If we run our first example program on this input file, it will crash, because we will overwrite the end of the word allocated space. This happens because we generalized the input to handle any sort of file, instead of making it specific to the kind of input we were expecting. We could easily change our code to handle a bigger string, but instead, we should follow the rules of specialization:

Make sure that input files are clearly marked as valid input to the program: In nearly all cases, your program-specific input should contain a version and type identifier. We haven’t added this to this simple example, but it would make sense to modify the ParserFile class to read in a beginning line containing version information.

If your input is fixed-length, check the length before you start loading the data: If you have an input file that is supposed to contain words of no more than 80 characters, then any time you have not encountered a delimiter within 80 characters, you should abort the input process and print out an error message for the user.
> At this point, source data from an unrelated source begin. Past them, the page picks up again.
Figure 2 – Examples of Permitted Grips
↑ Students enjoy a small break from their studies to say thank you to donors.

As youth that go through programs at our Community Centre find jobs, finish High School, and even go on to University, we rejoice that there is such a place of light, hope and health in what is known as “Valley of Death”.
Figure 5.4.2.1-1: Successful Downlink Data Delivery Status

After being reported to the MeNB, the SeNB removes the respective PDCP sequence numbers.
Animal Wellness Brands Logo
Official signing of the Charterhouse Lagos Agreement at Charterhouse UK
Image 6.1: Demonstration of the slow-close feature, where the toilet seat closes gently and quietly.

If the word length is not fixed, then you should never use a fixed-length buffer to store it.

Specialization 453

We already fixed this one in the ParserFile class by using a string in place of the fixed size buffer.
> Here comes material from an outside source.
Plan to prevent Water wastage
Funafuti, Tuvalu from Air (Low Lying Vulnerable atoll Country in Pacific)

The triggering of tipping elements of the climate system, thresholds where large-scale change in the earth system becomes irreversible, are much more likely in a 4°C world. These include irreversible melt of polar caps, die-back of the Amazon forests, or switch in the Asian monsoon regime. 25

Reject data in any format you do not understand: This precept is a little easier to understand with an example. Let’s suppose that you are reading in a date from the command line or in a graphical user interface. Dates have so many formats that it is almost not worth enumerating them all. However, if you are given a date that is given as 1/1/04, there are numerous ways to interpret it. For example, it could be in M/D/YY format, and be January 1, 2004. Alternatively, it could be in D/M/YY format — which would still

be January 1, 2004, but would change the interpretation. There is no reason to keep the ambiguity. Either force the user to enter in a single format, or use a control that specifies the format.

This one really has no issue in our ParserFile class, because we aren’t dealing with specific data sizes.

If you follow these guidelines, you will cut down on the number of bugs you receive — which makes it easier to debug problems that you do encounter in your application.